Referencing my trusty copy of Dave Perry’s “Understanding the Racing Rules of Sailing Through 2012,” I found that Rule 45 allows for anchoring or even standing on the bottom and holding on to the boat. But I didn’t see anything explicitly about moorings or moored boats, so I did what a lot of racers do: I emailed rules guru Dick Rose. Here’s what he said:
“The rule to read is Rule 45. It applies while you are racing—from the prep signal until you finish and clear the line and finish marks. You may not hold on to a mooring buoy, or another object which effectively moors you (including a moored boat, a dock, a lobster pot, or a government buoy). You may however have your crew stand on the bottom, and so you could ‘anchor’ to a rock by asking a crew to go overboard and stand on the rock while holding the boat.”

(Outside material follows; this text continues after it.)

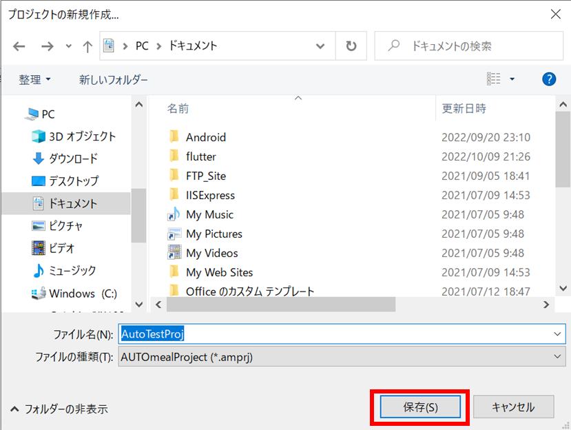 [プロジェクトの新規作成]ダイアログが表示されます。 任意の名前を付けてプロジェクトファイルが作成します。
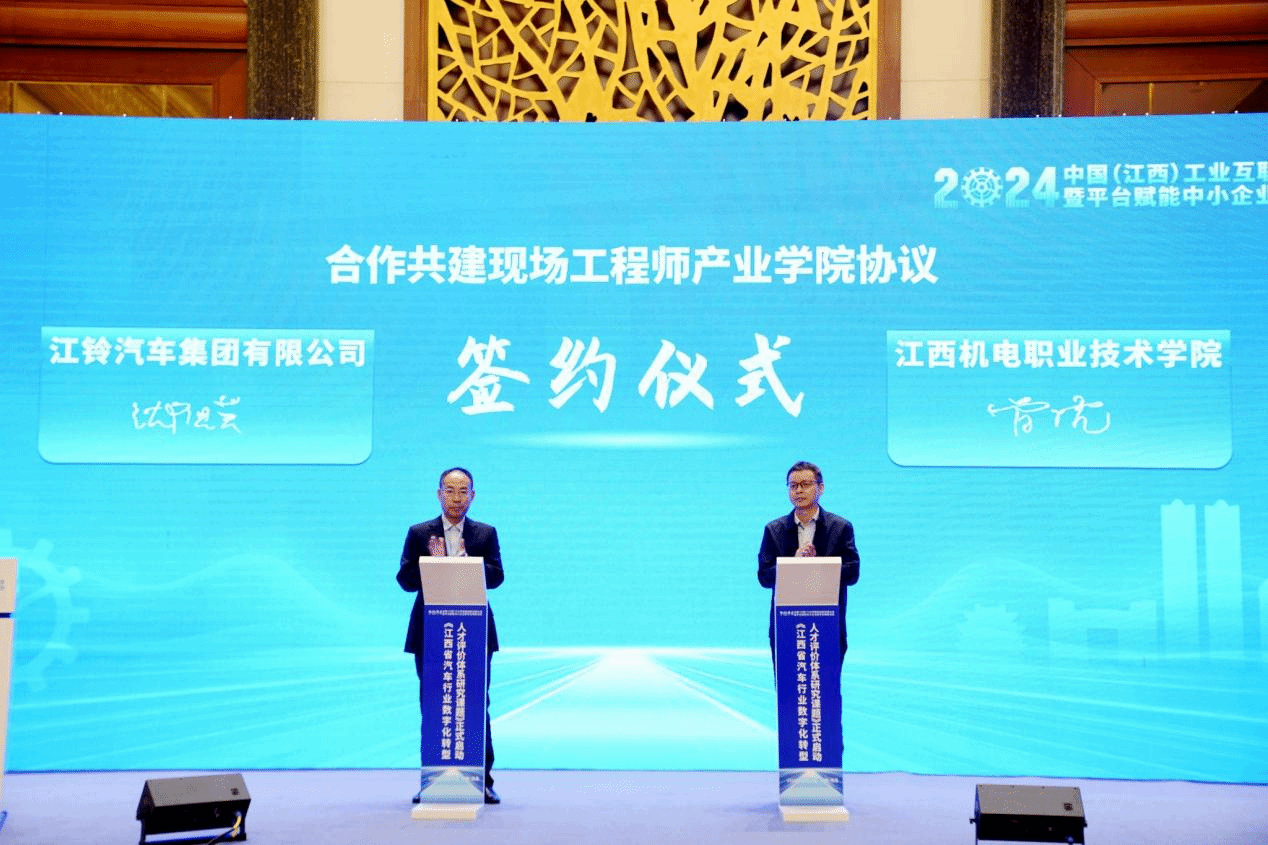 刘明亮、花严红、李小军共同启动《江西省汽车行业数字化转型人才评价体系研究课题》,学校与江铃汽车集团有限公司签署《合作共建现场工程师产业学院协议》,学校“双师型”名师工作室负责人殷欢老师以学校机电一体化技术专业群为例,分享了制造业转型升级背景下人才培养模式改革的实践经验。

Funny, as we were regressing through the mooring field with the finish line fading ever farther away, even though I could never have told you that Rule 45 prohibited snagging a nearby mooring, I had that distinct feeling that doing so would be a weasel move. And as far as I can tell, that seems to be one of the basic tenets of the Racing Rules of Sailing—keeping the weasel at bay.